E’ morto in ospedale Alberto Turra, 38 anni, di Zone, che giovedì era stato colpito da una trave mentre si trovava al lavoro nell’azienda Silmet di Torbole Casaglia.

Alberto era di turno nell’impresa del gruppo Ghidini che si occupa di laminazione e trafilatura dei metalli e, al momento dell’incidente, si trovava su un elevatore utilizzato abitualmente per interventi in altezza, quando il cestello del suo mezzo è entrato in collisione con una trave in metallo del carroponte.

Il personale sanitario intervenuto alla Silmet ha rianimato il 38enne che, in condizioni disperate, è stato trasferito al Civile. Qualche ora dopo, il decesso.
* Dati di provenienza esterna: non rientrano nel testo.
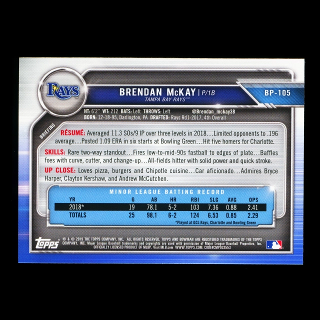 Brendan McKay 2019 Bowman Prospects Rays

Subito dopo l’infortunio i colleghi di Alberto Turra hanno sospeso il lavoro proclamando uno sciopero. L’astensione è stata prorogata ieri mattina, alla notizia della morte del 38enne, con 170 dipendenti che hanno incrociato le braccia: “Chiediamo che si faccia chiarezza sull’accaduto – ha precisato in un comunicato il segretario della Fiom Cgil di Brescia, Antonio Ghirardi – accertando le responsabilità reali senza scaricare colpe sul lavoratore”.

La procura ha aperto un fascicolo disponendo l’autopsia. Sotto sequestro anche i mezzi coinvolti nell’incidente. 
Dolore a Zone per la giovane vita spezzata: Alberto lascia la mamma Delia, con la quale
abitava, la fidanzata Francesca e i fratelli Luca e Sonia.